Writing will also show recruiters that you are passionate about something. It shows that you are willing to express your opinion and highlights that you can transfer your thoughts into words. On top of that, by using Wix, WordPress or any other free alternative, you’ll become familiar with the process of writing content and then publishing it. Additionally, my feedback from industry experts is that the content of your writing does not matter. You don’t have to talk about marketing trends. Instead, you can talk about your favourite sports team, tv shows and movies, travelling or anything else that you are passionate about.
The second insight that I took from the industry experts that I interviewed is that creating a digital portfolio on social media will help you stand out. By doing so, you’ll learn how to gain followers without relying on posting personal photos for your friends and family to see. Instead, you’ll have to earn your followers by building a brand and using carefully selected hashtags. The easiest way to get started, in my opinion, would be to use Instagram. It’s as easy as picking a theme that you are interested in, for example, nature, obscure objects, colour themes or food and then posting interesting pictures. By doing so, it shows recruiters that you have a creative flair and that you are prepared to put in the effort. Additionally, it will ensure that your application stands out and gives you something to talk about if you get an interview.
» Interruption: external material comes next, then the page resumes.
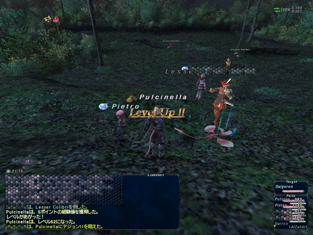 ビシージが来て適当に戦って終わったら戦士Lv52まで@1だった。ワジャームでLコリを1匹倒す。Lv52になったぞー^^

Finally, a common response by the industry experts that I interviewed was that graduates should try and keep up to date with modern trends. This is important because the subjects that you learn in university often have limited crossover to real-life daily marketing tasks. A great way to do this is by signing up to a weekly newsletter or reading blogs. Some great websites to stay updated include Marketing Week, HubSpot & Social Media Today. By keeping up with trends, you’ll be able to impress recruiters and build a solid foundation of knowledge about the tasks that you’ll be assigned to. And, don’t worry if you don’t know the technical ins and outs. Recruiters aren’t expecting you to be able to set up a Google Ad account in your first week, for example. However, knowing what the benefits of a tool like Google Ads offers will allow you to stand out from other interviewees.